Unity was also a crucial factor. Students from all three Sumter School District High schools wanted to put any rivalries aside to show how important football is to them. Lane worked with Lakewood's Jayleal Fuller and Crestwood's Derrick Prince to organize the event and spread the word because they knew how important it was to have representation from all three schools.
"Each school has their own voice. Crestwood, Sumter High, Lakewood, they all touch everybody around them in the Sumter community. Everyone has one voice," said Fuller. "With us coming together as one, this is not just Sumter High, Crestwood and Lakewood. This is Sumter County. It helps our case to the Sumter School District to show that we really want to work."
All three schools were well represented, and some of the biggest names from all three programs were in attendance. Likely the most well-known face in the crowd was Justus Boone, the Florida defensive end commitment. from Sumter High. Boone hopes that lending his name to this cause helps grab the attention of the school district.
"I'm a humble guy, I don't like to put myself on top of nobody or anything like that, but I do feel like people know me and it can bring a little more attention, but I don't think it's bringing more than everyone coming together," said Boone. "(This workout) means a lot to me, it touches me deeply, it touches my people.

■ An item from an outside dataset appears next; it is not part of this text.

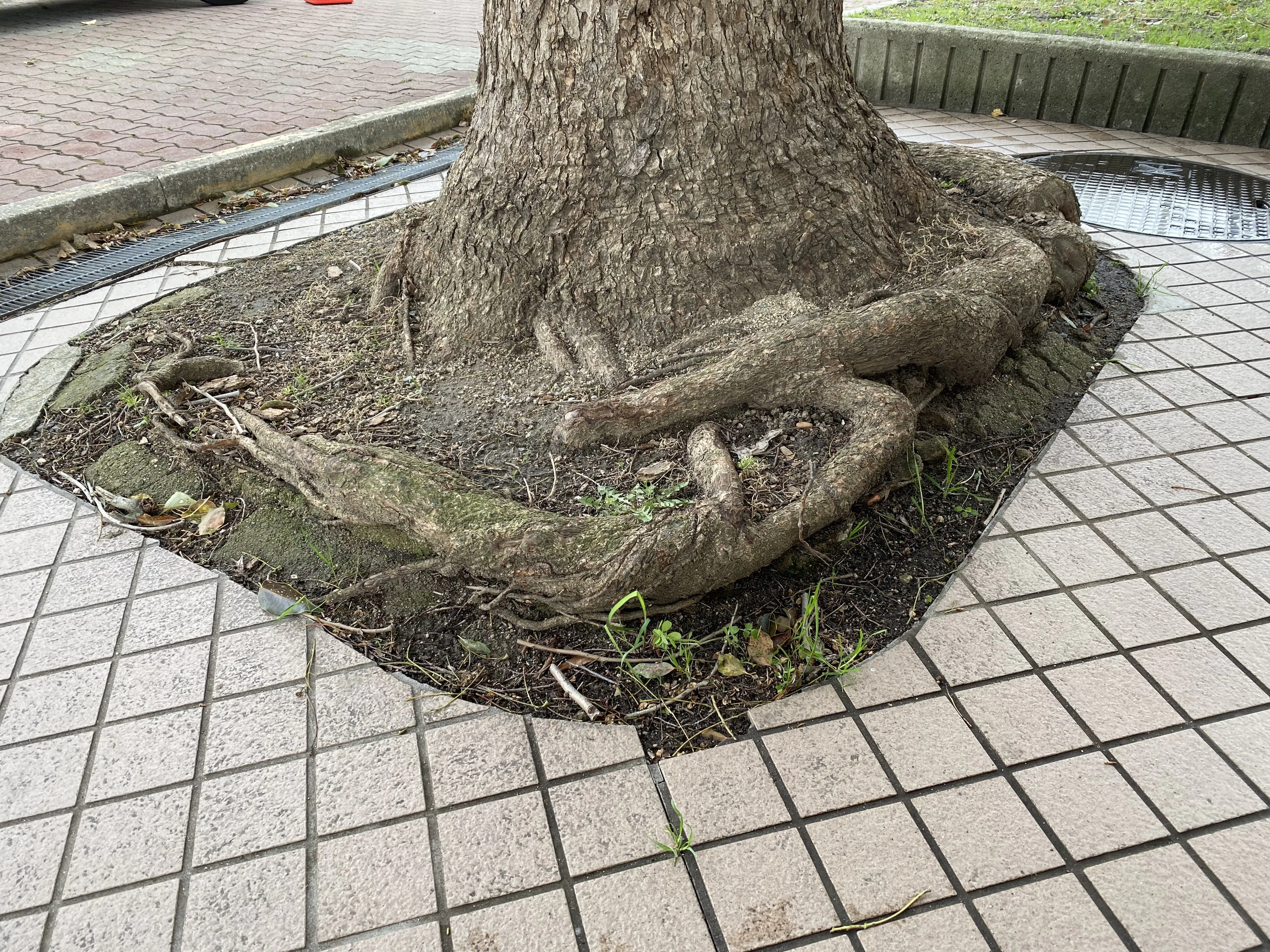 こちらの樹のようにのびのびと根を張り巡らせるのですが、街の中ですと根の張る範囲が縁石などで制限されてとても窮屈な姿になります。

All season, we're going against each other, so it's good that we're able to come together for this cause so we can keep playing each other."
While the athletes organized the event, it couldn't have worked without the parents that came out to help. Sonya Smith, whose son, Amarion, plays at Lakewood, was one of the moms that came out to help check temperatures and hand out drinks. She stands by the message of these kids and wanted to do whatever she could to help.
"I think it takes away their (desire to) strive. It takes away their pride and want to be a part of something," Smith said on the negatives that come from workouts not being allowed. "If you take it from them, they're distracted, they've lost hope or you've taken kind of hope they had and shattered it. I say, let them play, let them live, let them have fun and let them learn. They learn from each other and we learn from them."
Derrick Russell, another Lakewood parent, was out on the field helping coach the workouts. He was so proud of the kids for organizing the event and wanted to lend whatever aid he could.
"I think these kids have done a great thing by standing up and doing what they need to do to get out on the field," said Russell. "I love it. The city has come together and the parents have come together.
At the end of the day, football matters to these kids. To many athletes around Sumter, football is more than just a game. It brings this community together and gives Sumter athletes positive goals. That's why they want to play."
"This is very big and very important. This is more than just football for these guys, this is life," said Prince. "This teaches kids brotherhood, unity, how to stand up for each other. It teaches more than just throwing and catching the ball and hitting somebody."
Fuller echoed that sentiment.
"Some of these boys come from hard times. Life isn't easy, but football helps with all of this," said Fuller. "Football releases some of our challenging moments. Football is a place where we can come when we feel uncomfortable. You take football away from these guys, and you're not going to see the same person. Football has made some of these guys the guys they are today.
"My message to the district is to let us play. We don't have to have fans, but we really want to play, and I hope that them seeing this shows that these boys are serious."